Joram escuchó con atención.

—No oigo nada.

—Ni lo oirás, viejo. —Simkin se acarició la barba con una mano—. Esto es el Palacio, ¿recuerdas? No estaría bien molestar a Su Majestad o sobresaltar a la Emperatriz en su delicado estado de salud. Pero puedes estar seguro de que en este mismo momento hay ojos que escudriñan, oídos que se aguzan y narices que husmean. Los Corredores están en plena ebullición.

—No hay nada que hacer —murmuró Gwen, apoyándose en Joram mientras las lágrimas le resbalaban por las mejillas.

—No, no. Todo lo contrario —observó Simkin—. Vuestro bufón está aquí para rescataros de este desatino. Vaya, suena muy bien; debo recordar esta frase. —Echó la cabeza hacia atrás con uno de sus habituales gestos de afectación y se quedó mirando a Gwendolyn con expresión desdeñosa—. Serás un Mosiah de lo más encantador, querida. Uno de mis mejores Mosiahs. —Sacudió en el aire el pañuelo naranja que había aparecido de repente en su mano, lo colocó con solemnidad sobre el rostro de Gwen antes de que ésta pudiera protestar, pronunció unas pocas palabras y después exclamó, retirando el pañuelo—: ¡Abracadabra!

Era Mosiah quien, secándose las lágrimas, se apoyaba ahora en Joram. Éste lanzó un grito de consternación y le dirigió una mirada furiosa a Simkin.

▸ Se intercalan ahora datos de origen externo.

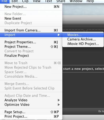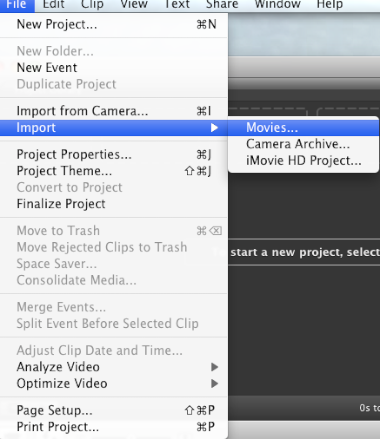 Step 2: Open iMovie and import the movie

—¡Encantador! —exclamó Simkin, mirándolo complacido y mostrando un brillo de malicia en los ojos—. Es la última moda en estos tiempos, ¿sabes?

Joram se sonrojó y se apresuró a retirar el brazo de los hombros de quien ahora era un joven apuesto y viril. Pero el joven apuesto y viril era en realidad una atemorizada jovencita. Al principio, había sido Gwen quien se había mostrado fuerte, guiando al desesperado Joram fuera de la habitación en la que se encontraba su padre, lord Samuels, convertido en una impotente estatua de carne y hueso. Ella había sido la que había encontrado aquel escondite, ella quien había apoyado la cabeza de Joram sobre su pecho, consolándolo y acunándolo hasta que él hubo logrado vencer aquella oscuridad que siempre estaba presente en su interior, dispuesta a esclavizarlo a la más mínima oportunidad.

Pero ahora sus fuerzas empezaban a decaer. Se sentía acobardada por la imagen de los
Duuk-tsarith
, aquellas figuras de pesadilla que con sus manos gélidas e invisibles atrapaban a sus víctimas, arrastrándolas a lugares desconocidos. Por si esto fuera poco, ahora se encontraba en el interior de un cuerpo extraño. Repentinamente, quien en apariencia era un varonil muchacho rompió a llorar con desesperación, moviendo los hombros convulsivamente, el rostro sepultado entre las manos.

—¡Maldita sea, Simkin! —masculló Joram.

Luego rodeó con violencia los anchos hombros de Mosiah con ambos brazos, teniendo la extraña sensación de que estaba consolando a su amigo.

—Vaya, esto no resultará —dijo Simkin, severo, mirando a Mosiah con ferocidad—. ¡Tranquilízate, muchacho! —ordenó, palmeándole la espalda con fuerza.

—¡Simkin...! —empezó a decir Joram, airado, pero se interrumpió.